CHPO-FM

Portage la Prairie, Manitoba; Canada;
- Broadcast area: Central Plains Region
- Frequency: 93.1 MHz
- Branding: Country 93

Programming
- Format: Country

Ownership
- Owner: Golden West Broadcasting
- Sister stations: CFRY, CJPG-FM

Technical information
- Class: B
- ERP: 27,000 watts
- HAAT: 73.5 metres (241 ft)

Links
- Webcast: Listen Live
- Website: portageonline.com/radio/country93

= CHPO-FM =

Radio station in Portage la Prairie, Manitoba

CHPO-FM is a radio station which broadcasts a country format on the frequency of 93.1 MHz in Portage la Prairie, Manitoba, Canada. This radio station also provides local news, sports and weather to its listeners.
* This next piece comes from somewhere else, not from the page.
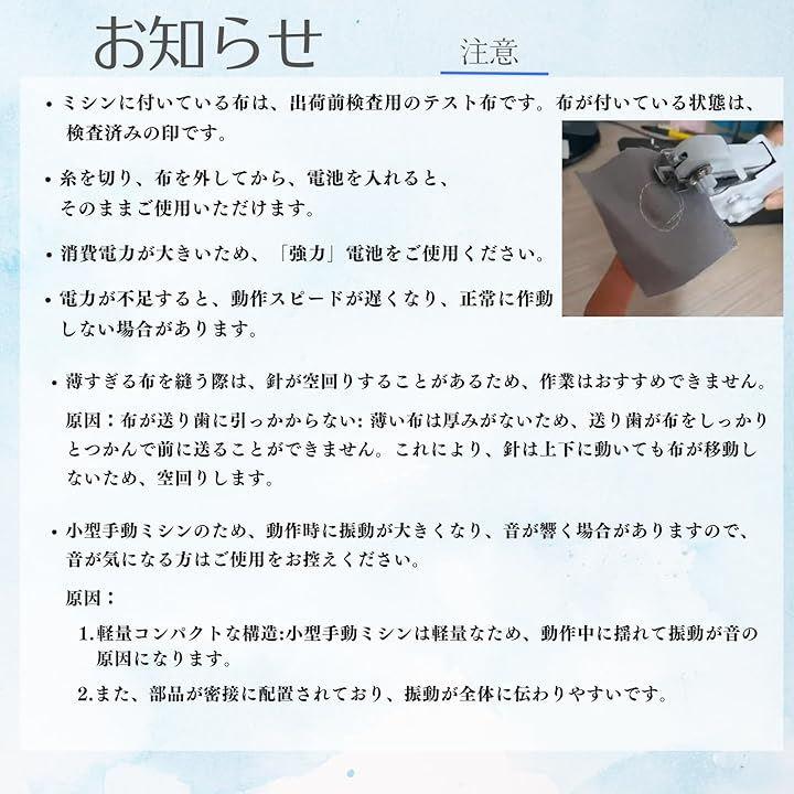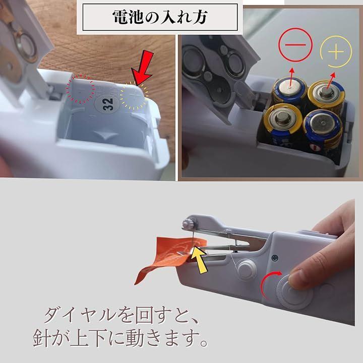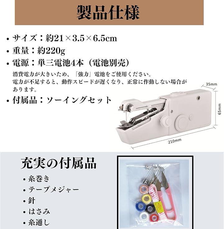 「製品仕様」サイズ:約21x3.5x6.5cm 重量:約220g 電源:単三乾電池4本(電池別売)(電池別売) 付属品:ソーイングセット カラー:ホワイト

The station is owned by Golden West Broadcasting, and is located at 2390 Sissons Drive, along with CFRY and CJPG-FM.

== History ==
The owners received approval by the CRTC on October 2, 2013, which will replace CFRY AM's current repeater, CFRY-FM-1. The new station will broadcast using the same facility and parameters as CFRY-FM-1, with a maximum effective radiated power of 27,000 watts (non-directional antenna with an effective height of antenna above average terrain of 73.5 metres).
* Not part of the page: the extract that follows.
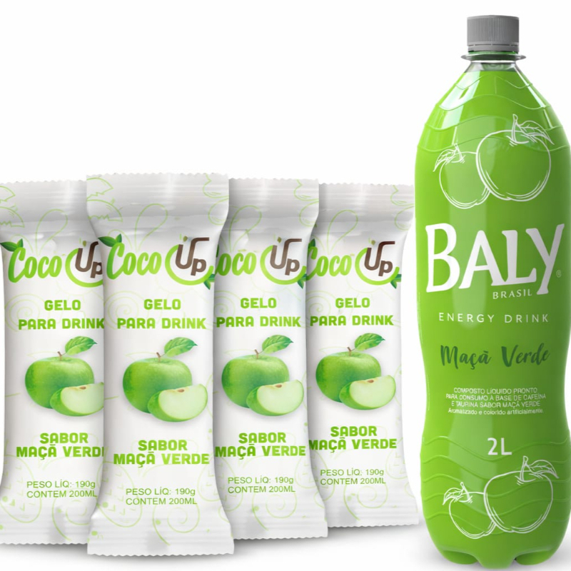 Combo Energético Baly 2l Maça Verde + 4gelo Sabor Maçã

Originally, it was planned to broadcast as CFRY-FM, while its original parent station, CFRY AM, continued its country format. It was later revealed that the station would switch to a classic rock format under the new call letters of CHPO-FM, ending its 19-year FM simulcast as CFRY-1-FM. However, the station instead launched as Country 93.1 FM, the current format.